Are you sitting comfortably? Then I'll begin at the beginning.

Due to my hot date with a microphone last Saturday, I was unable to attend the last minute night out for my twin cousin's 21st. (know here as J & C). How glad I now am that this was the case. However, those who did accompany them included their sister (V), her betrothed (A), J's long-suffering girlfriend C-B, and an old classmate of mine (K). Warning: the story that follows was heard through the grapevine, and may bear little or no resemblance to actual events. (Especially since some of the above witnesses may have been under the influence of alcohol at the time.) I do not mean to offend anyone!

As the night out progressed, at one particular venue, J & C nagged bar staff to be served at a non-service part of the bar, (I've never understood non-service areas. What is the point?!) which was assumed to be aggressive behavior by the power-tripping bouncers. J, being blessed/cursed with the gift of the gab, managed to talk himself and many of his party into getting a good kicking by said bouncers, not a fight, you understand, as the only punch thrown by "our" side was by K, the shy, girly classmate of mine. Brother in law to be, A, received a lovely black eye, and J simply had lots of random bruising.
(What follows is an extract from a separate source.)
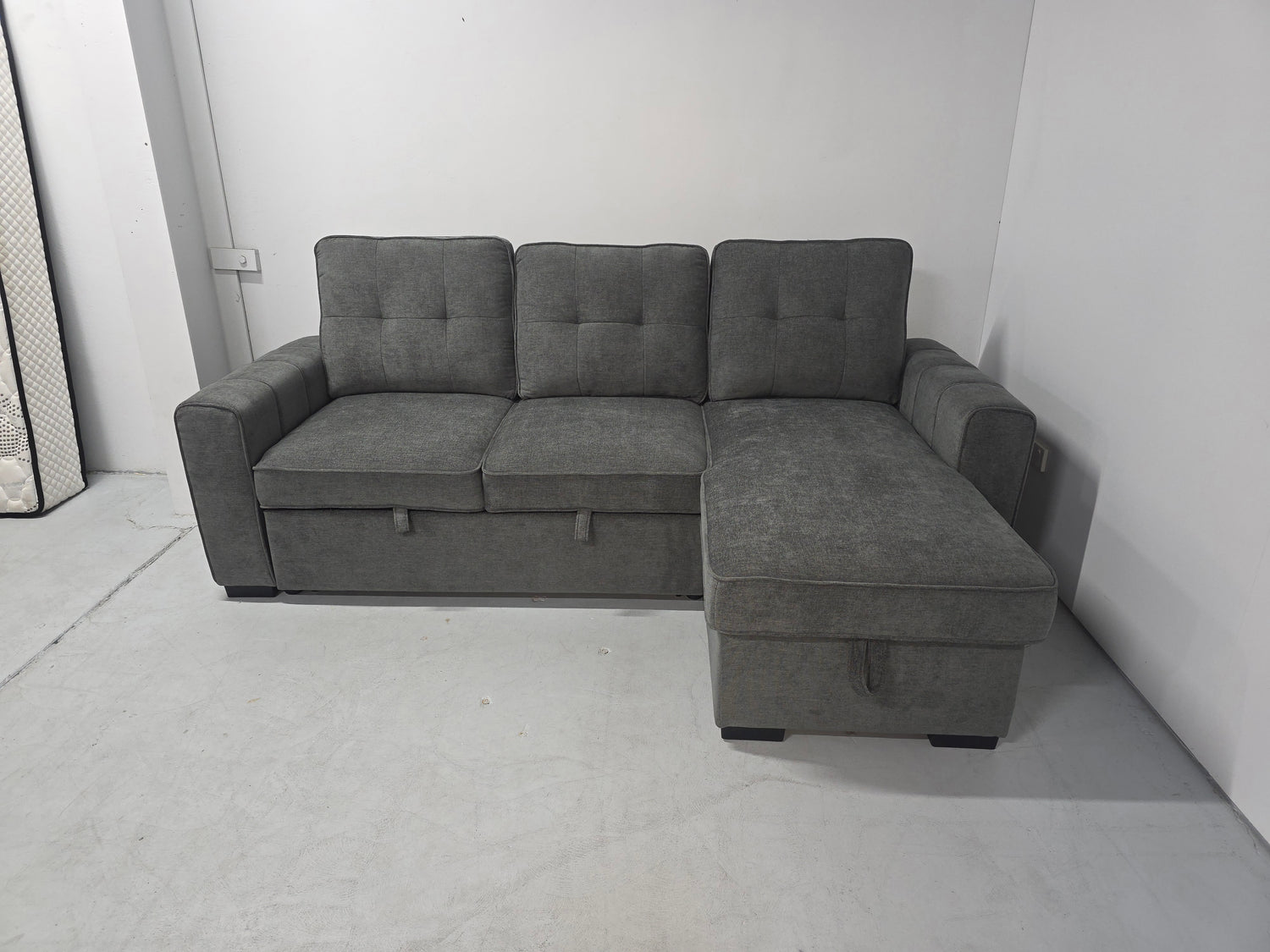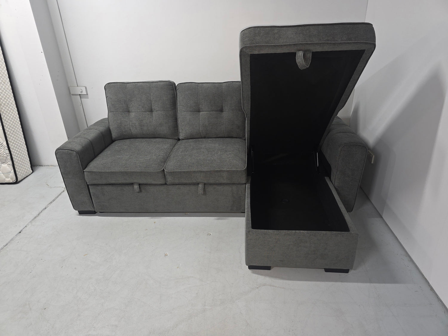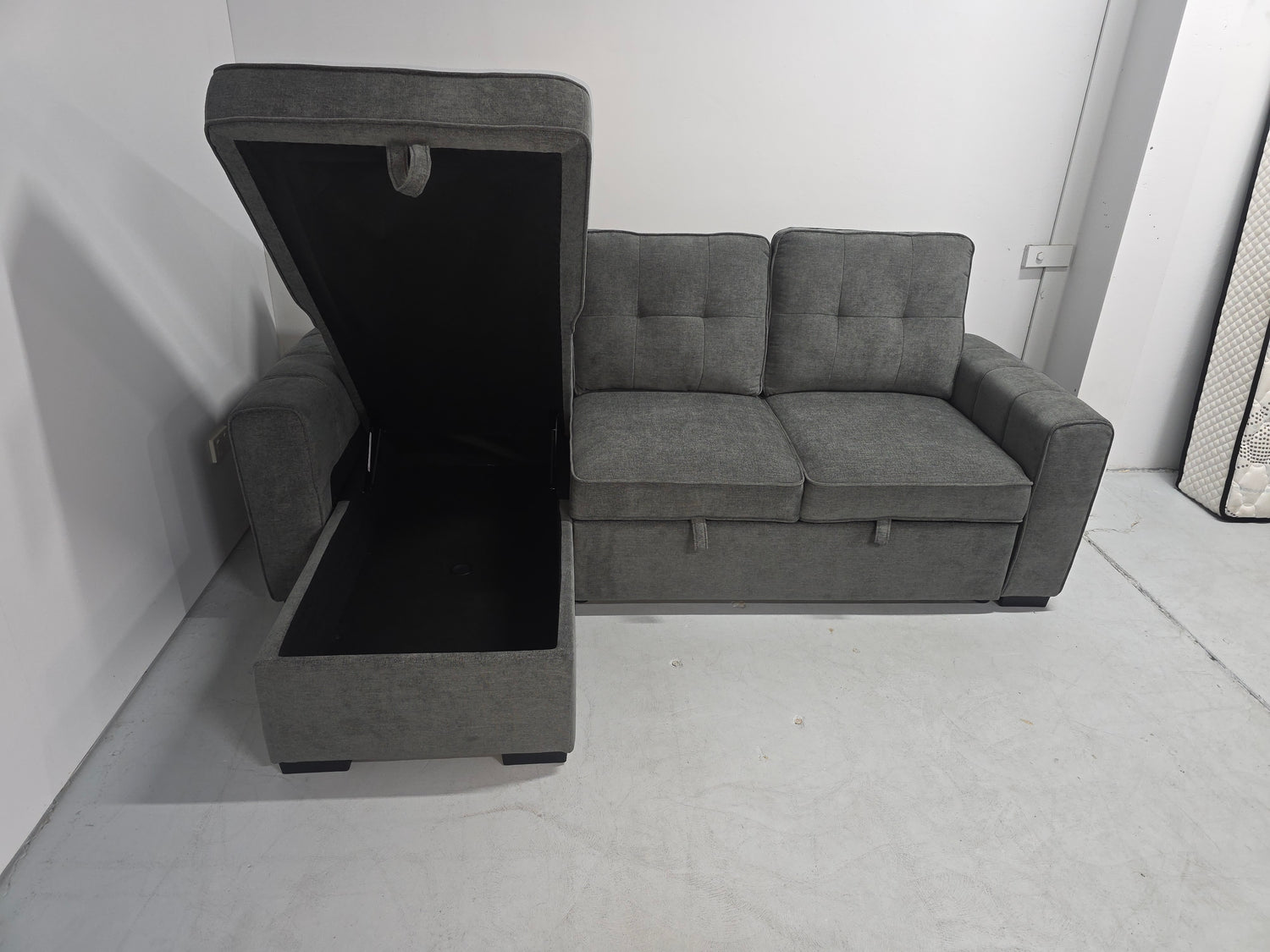 Hobart Corner Lounge with Chaise: Modern Design with Smart Storage and Sofa Bed

Out on the street by now, V spotted my sister walking by the venue, and shouted hello, to be greeted with a hurried goodbye and retreat by my sister, ever practical, not wanting to involve herself! Police arrived, and bundled J into a van after he pushed poor C-B to the floor in his flurry of actions.

Copper: (to C-B) "Do you want to press charges?"
C-B: "Damn right I do!"

*passage of time in which to think...*

C-B: "I've changed my mind, will he be ok? What is going to happen to him?"
Copper: "Don't worry, luv, we'll probably just let him out round the corner and caution him...."

*Van starts violently rocking from side to side*

Copper: "Sorry, luv, looks like he'll be in for the night now."



Talk about bad timing WRT sticking to the man.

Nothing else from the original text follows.